Q. You have close ties with GCC governments. How important are those to your regional work?
Middle Eastern countries have serious challenges, but the region also has incredible ingenuity, and some of the most generous governments and philanthropists in the world. We rely on our partners’ generosity, and also on their knowledge of geographies, development challenges, and their relationships with communities that can be difficult for us to reach.
As an example, we’ve worked closely with the UAE on a number of initiatives, most notably in the fight against polio. In 2013, we co-hosted the Global Vaccine Summit with the Crown Prince of Abu Dhabi, Sheikh Mohammed bin Zayed Al Nahyan. It raised more than $4bn toward making polio only the second disease ever to be eradicated.
We are also part of a giving circle, the Shefa Fund, made up of Saudi Arabian families, each of whom support eliminating meningitis A in Africa and polio worldwide.
The Islamic Development Bank (IDB) is another important partner for us in the Middle East. We share a number of priorities centered on lifting the burdens of poverty and disease for people across the region. We’ve helped to make IDB loans more affordable for impoverished countries to use, to invest in their futures.
Q. You are a vocal advocate for female empowerment. Why are women and girls so critical to the success of global development goals?
If you want to improve the lives of people in any community, empowering its women is a good place to start. There are a number of reasons why, but here’s one of the most important: if a woman has a dollar in her pocket, she uses about eighty cents of that to provide for her family, purchasing things like healthy food, doctor visits, and education. In my travels, I talk to women about finances quite a bit. Almost universally, one of the first priorities they mention is their children’s school. Whether they talk about schoolbooks, fees, or supplies, it’s the first thing on their minds.
Their investments pay off. When mothers decide how their families’ money is spent, their children are 20 per cent more likely to survive, and much more likely to thrive. Focusing on women and girls is the most direct way to ensure healthier and more prosperous families, and greater economic progress around the world.
Q. What more can be done to help shift the paradigm for women and girls in developing countries?
As I’ve taught my three children, it’s crucial that those of us who do have a voice use it to speak up for the women and girls who don’t. It’s our responsibility to advocate for women and girls everywhere to ensure that they grow up healthy and respected, and able to create a better future for themselves and their families.
We are not there yet. Every single day, 800 women die in childbirth, mostly of preventable causes. That’s unacceptable, and the world needs to do more to address it.

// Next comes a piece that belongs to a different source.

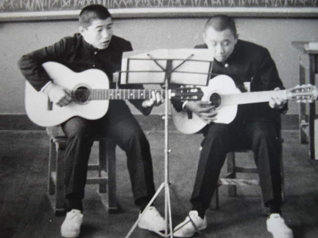 定時制の学生で、学校食堂で働いていた何とかチャン(名前忘れました)が、夕方の定時制始業前にいつもフォークソング部の練習を見に来てました。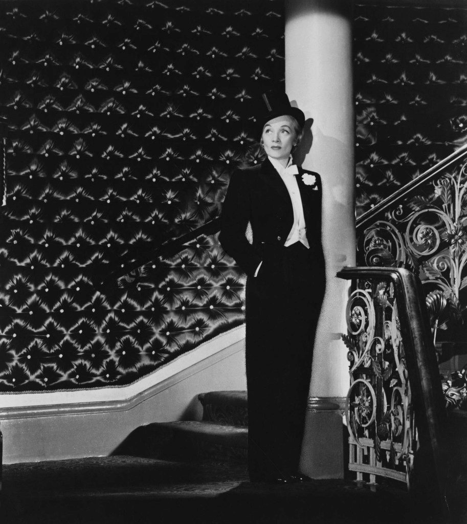 Citizens who were at the head of the feminist movement, and advocated for the equality of the sexes, in every way tried to borrow various items of men's wardrobe. Among them was the famous Marlene Dietrich, who wore men's trousers and a la garcon style suits.

In the Muslim world, strong voices are speaking up for women’s empowerment. For years, Saudi Arabia’s Prince Alwaleed bin Talal has been an advocate for women’s rights, and I was glad to hear that women’s empowerment will be a primary focus as he invests his fortune in philanthropy. And last year, when I met Lana Nusseibeh, the UAE’s ambassador to the UN, she spoke powerfully about the country’s commitment to equality.

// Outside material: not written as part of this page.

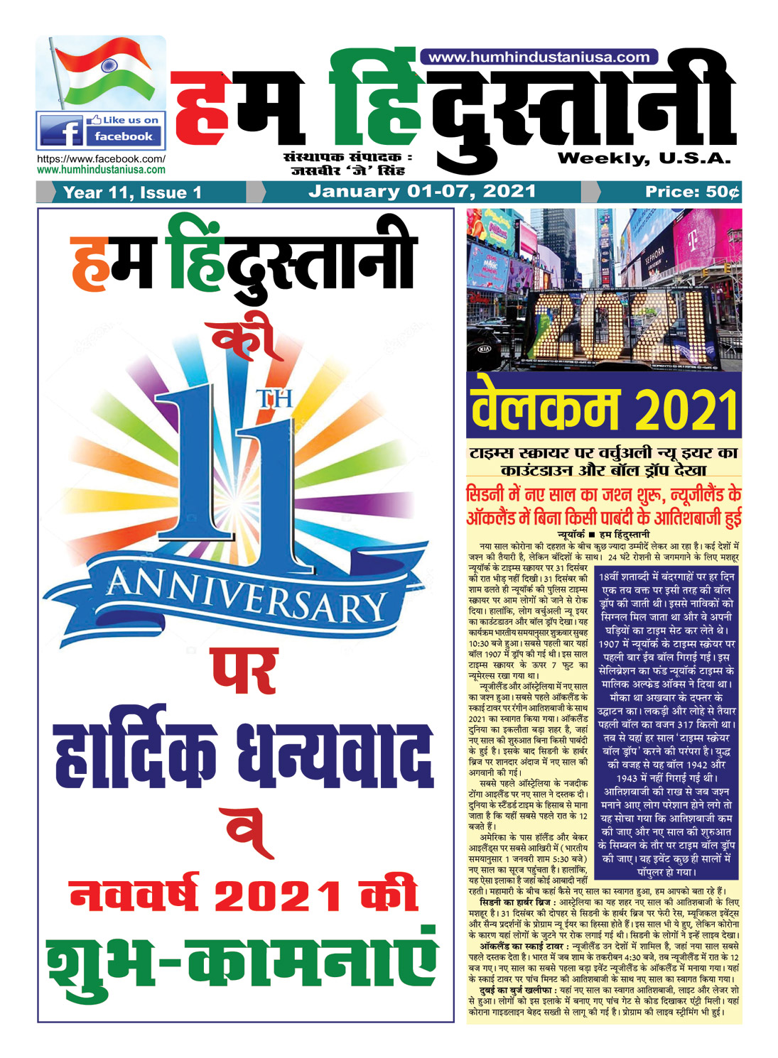 Hum Hindustani | Hindi Newspaper from USA January 01, 2021

Men and boys have a role to play too. When I was in Malawi last year, I met with a group of men who are known as ‘male champions’ in their village because they’re helping change their community’s gender norms. They told me that they’re starting young with their own kids, teaching their sons that they, too, have a role in building a more equitable world.

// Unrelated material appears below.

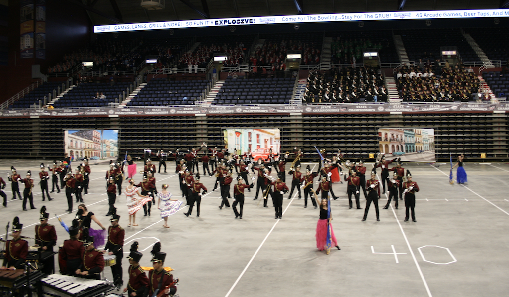 Two judges scored bands for marching and maneuvering, while two different judges scored for music execution. Two additional judges specifically scored the color guard and one judge scored percussion. “You combine all of those scores together for your total ranking and score.”

More voices, more support, more education, more collaboration – these are just a few of the actions anyone reading this can take right now.
Q. When you reflect on the work you’ve done over the past 15 years, what are you most proud of?
We are very proud to be part of GAVI, the vaccine alliance. GAVI coordinates efforts between businesses, governments, and aid agencies to deliver lifesaving vaccines to children in poor countries who need them most. So far, GAVI has enabled more than 500,000 children to be vaccinated, saving more than 7 million lives – with half of that money invested in Muslim countries.
Another important moment for me was helping organise a family planning summit in London in 2012. Dozens of countries came together at the summit to commit to helping more than 100 million women get access to the contraceptives they want to plan and space their pregnancies.
The effort raised more than $2bn, the first time the world put a ‘b’ in front of a fundraising effort for women and girls. That’s something I’ll never forget.